От неукротимых эсеров – естественно этого и ждать. И правда, трудно поверить, чтоб они отказались от террора.
«В этой области исследования», – жалуется Крыленко, – из-за конспирации «свидетельских показаний… будет мало… Этим до чрезвычайности затруднена моя задача… В этой области приходится в некоторых моментах бродить в потёмках» (с. 236, – а язычок-то!).
Задача Крыленки тем затруднена, что террор против Советской власти трижды обсуждался на ЦК эсеров в 1918 и был трижды отвергнут (несмотря и на разгон Учредительного). И теперь, спустя годы, надо доказать, что эсеры всё же вели террор.
Тогда они постановили: не раньше чем большевики перейдут к казням социалистов. А в 1920: если большевики посягнут на жизнь заложников-эсеров, то партия возьмётся за оружие. (А других заложников пусть хоть и добивают…)
Так вот: почему с оговорками? Почему не абсолютно отказались? «Почему не было высказываний абсолютно отрицательного характера?»
Что партия в общем не проводила террора, это ясно даже из обвинительной речи Крыленки. Но натягиваются такие факты: в голове одного подсудимого был проект взорвать паровоз совнаркомовского поезда при переезде в Мос кву – значит, ЦК виноват в терроре. А исполнительница Иванова с одной пироксилиновой шашкой дежурила одну ночь близ станции – значит, покушение на поезд Троцкого и, значит, ЦК виноват в терроре.

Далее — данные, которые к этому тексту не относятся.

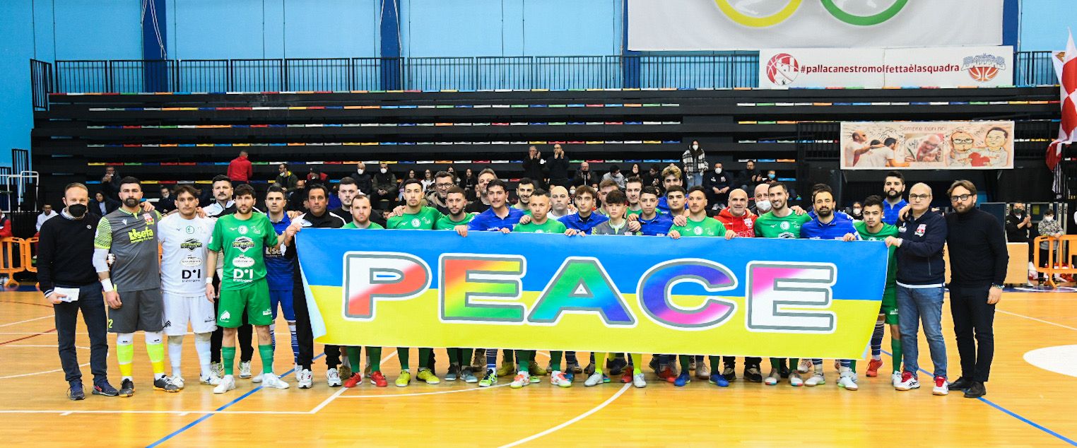 Un lungo striscione con scritto "Peace" (in galleria) ha accompagnato al centro del campo Aquile Molfetta e Giovinazzo nel recupero della sedicesima giornata del campionato di A2, girone D. Al Palapoli di Molfetta le due squadre debbono fare a meno di pedine importanti: Zurdo e Koseky tra i padroni di casa, mentre Menini è assente tra gli ospiti. Il derby (bellissimo) va al Giovinazzo che vince per 4-3 grazie ad una condotta di gara intelligente e cinica, ma onore al Molfetta che ha giocato un grande match e che sicuramente avrebbe meritato sorte migliore.

Или: член ЦК Донской предупредил Ф. Каплан, что она будет исключена из партии, если выстрелит в Ленина. Так – мало! Почему не – категорически запретили? (Или: почему не донесли на неё в ЧК?) Всё же Каплан прилипает: была эсеркой.

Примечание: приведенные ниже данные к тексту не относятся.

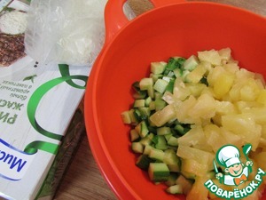 - Ананас (консервированный, нарезанный кубиками) — 100 г

Только то и нащипал Крыленко с мёртвого петуха, что эсеры не приняли мер по прекращению индивидуальных террористических актов своих безработных томящихся боевиков. (Да и те боевики мало что сделали. Семёнов направил руку Сергеева, убившего Володарского, – но ЦК остался чистеньким в стороне, даже публично отрёкся. Да потом этот же Семёнов и его подруга Коноплёва с подозрительной готовностью обогатили своими добровольными показаниями и ГПУ, и теперь Трибунал, и этих-то самых страшных боевиков держат на советском суде безконвойно, между заседаниями они ходят спать домой.)

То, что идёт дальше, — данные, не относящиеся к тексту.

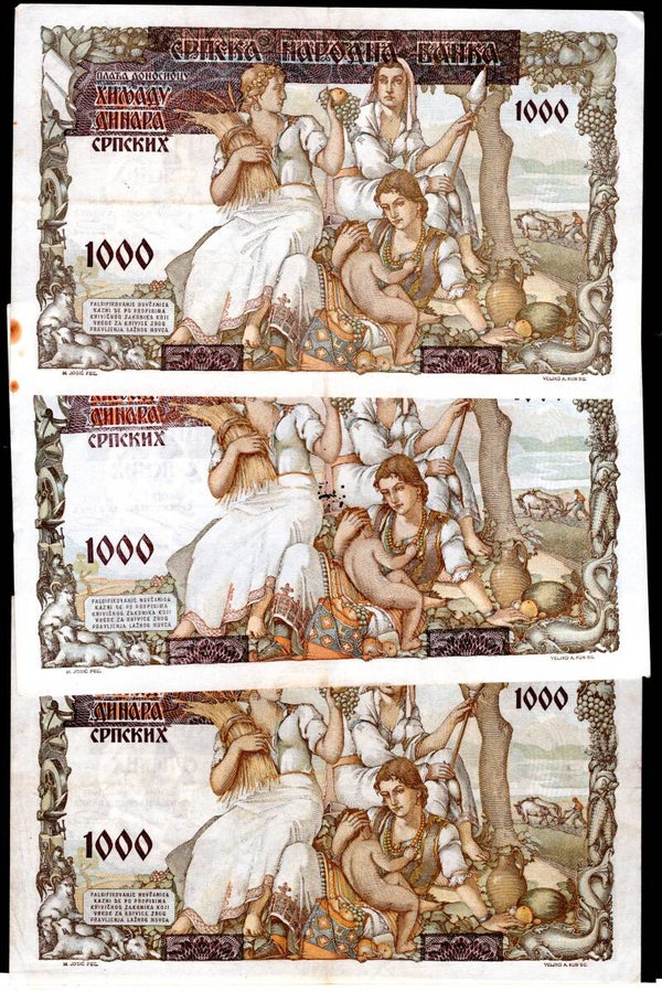 Serbia, 1,000 Dinara, 1941, 1 x spotting, pressed, VF-EF.

Об одном свидетеле Крыленко разъясняет так: «если бы человек хотел вообще выдумать, то вряд ли этот человек выдумал бы так, чтобы случайно попасть как раз в точку» (с. 251). (Очень сильно! Это можно сказать обо всяком подделанном показании.) О Коноплёвой наоборот: достоверность её показания именно в том, что она не всё показывает то, что необходимо обвинению. (Но достаточно для расстрела подсудимых.) «Если мы поставим вопрос, что Коноплёва выдумывает всё это… то ясно: выдумывать так выдумывать» (он знает!) – а она, вишь, не до конца. А есть и так: «Могла ли произойти эта встреча? Такая возможность не исключена». Не исключена? – значит, была! Катай-валяй!
Потом – «подрывная группа». Долго о ней толкуют, вдруг: «распущена за бездеятельностью». Так что и уши забиваете? Было несколько денежных экспроприаций из советских учреждений (оборачиваться-то не на что эсерам, квартиры снимать, из города в город ездить). Но раньше это были изящные благородные эксы, как выражались все революционеры. А теперь, перед советским судом? – «грабёж и укрывательство краденого».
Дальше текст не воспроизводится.